I liked that article, too,Clari. Lily, I believe Heaney is specifically referring to a Poem by WB Yeats which ends in a line about the rag and bone shop of the heart and is about his sources of inspiration, called The Circus Animals Desertion. It sounds like Mr Heaney would answer your question yes.



message 76: by Lily (last edited Jun 18, 2015 11:51AM) (new)

Lily (joy1) | 5240 comments Susan wrote: " Lily, I believe Heaney is specifically referring to a Poem by WB Yeats which ends in a line about the rag and bone shop of the heart and is about his sources of inspiration, called The Circus Animals Desertion. It sounds like Mr Heaney would answer your question yes..."

Thanks, Susan. "The Circus Animals Desertion" by WB Yeats:

http://ireland.wlu.edu/landscape/Grou...


message 77: by Everyman (new)

Everyman | 7718 comments An aside: I will be away without computer access for the next three or four days, so if you should happen to notice my absence and wonder whether I'm okay, I am. Just out of communication.


message 78: by Laurel (new)

Laurel Hicks (goodreadscomlaurele) | 2438 comments Everyman wrote: "An aside: I will be away without computer access for the next three or four days, so if you should happen to notice my absence and wonder whether I'm okay, I am. Just out of communication."

Right-oh.


message 79: by Nemo (new)

Nemo (nemoslibrary) | 2456 comments Everyman wrote: "An aside: I will be away without computer access for the next three or four days, so if you should happen to notice my absence and wonder whether I'm okay, I am. Just out of communication."

Time for you to make your presence felt again, Everyman. :)


message 80: by Clarissa (new)

Clarissa (clariann) | 215 comments I found this overview by Jeanette Winterson of TS Eliot which is quite an inspiring and enlightening way to approach his work:

http://www.theguardian.com/books/2008...


message 81: by Laurel (new)

Laurel Hicks (goodreadscomlaurele) | 2438 comments Excellent article, Clari. Thanks!


message 83: by [deleted user] (new)

Enjoyed reading. Thank you.


message 84: by Clarissa (new)

Clarissa (clariann) | 215 comments Laurel wrote: "A home for Eliot:

http://www.theguardian.com/books/2015..."

The pictures of young Tom are quite moving, it is strange to think of him as a normal little boy playing by the sea whilst contemplating the complex depth of his adult poetry.
Out of interest is it correct saying that USA readers have had an ambiguous relationship with him because of his move to England?
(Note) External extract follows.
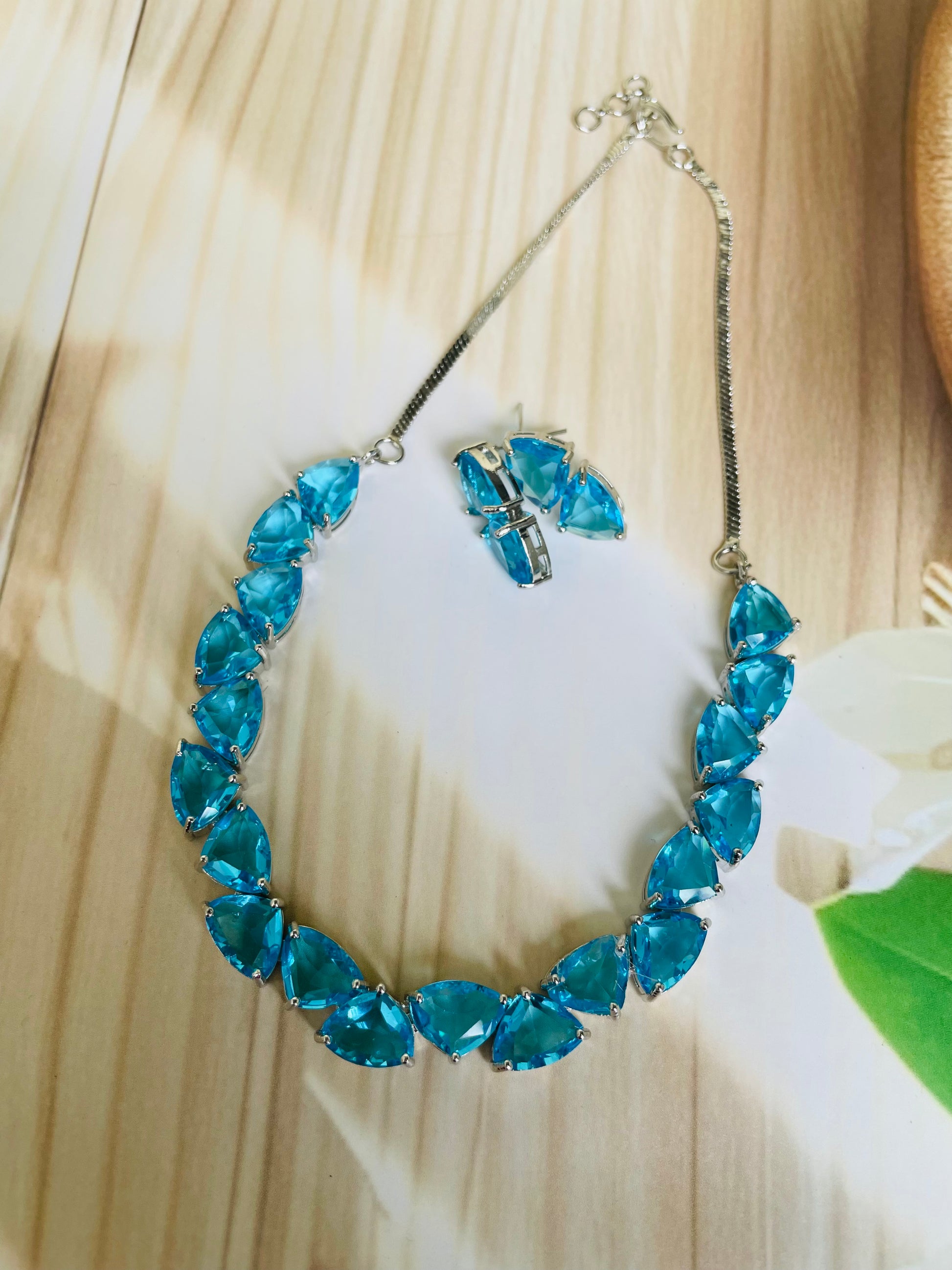 Add a touch of sparkle to any occasion with this stunning American Diamond necklace set. Crafted for elegance and shine, it features a beautifully detailed necklace with matching earrings – perfect for parties, weddings, or festive celebrations.

The Guardian has so many articles about Eliot!
I just read this longer one:
http://www.theguardian.com/books/2015...
it is so strange to think of Eliot mucking about with stink bombs, he is always such a formidable intellectual figure in my mind.



message 85: by Lori (new)

Lori | 20 comments Hello all,

I'm not sure how many group members are in the UK, but Gresham College are doing a free lecture on "Poetry and Exile: T.S. Eliot, Four Quartets" on Tuesday 13 October. It's at the Museum of London and the speaker is Professor Belinda Jack from the University of Oxford.

Lecture synopsis: These poems retain a stubborn opacity and no interpretation is ever wholly satisfactory. The difficulty of Eliot's poetry is partly a function of the poems' dense allusions to so much other poetry. But by expoloring the idea of exile in relation to locality and the idea of space more abstractly, the shape of Four Quartets as descriptive of a spiritual journey comes into better focus. Autobiographically it is clear that Burnt Norton, the house and its extensive gardens, East Coker, and above all the religious community at Little Gidding, matter greatly to our understanding of both Eliot's life and also his poetry. But the antithesis of place, that is the idea of exile from place, is equally important.

Full details: http://www.gresham.ac.uk/lectures-and...


message 86: by Laurel (new)

Laurel Hicks (goodreadscomlaurele) | 2438 comments Thanks, Lori! If it is treated as the others in the series are, there will be an online video of the lecture once it's over.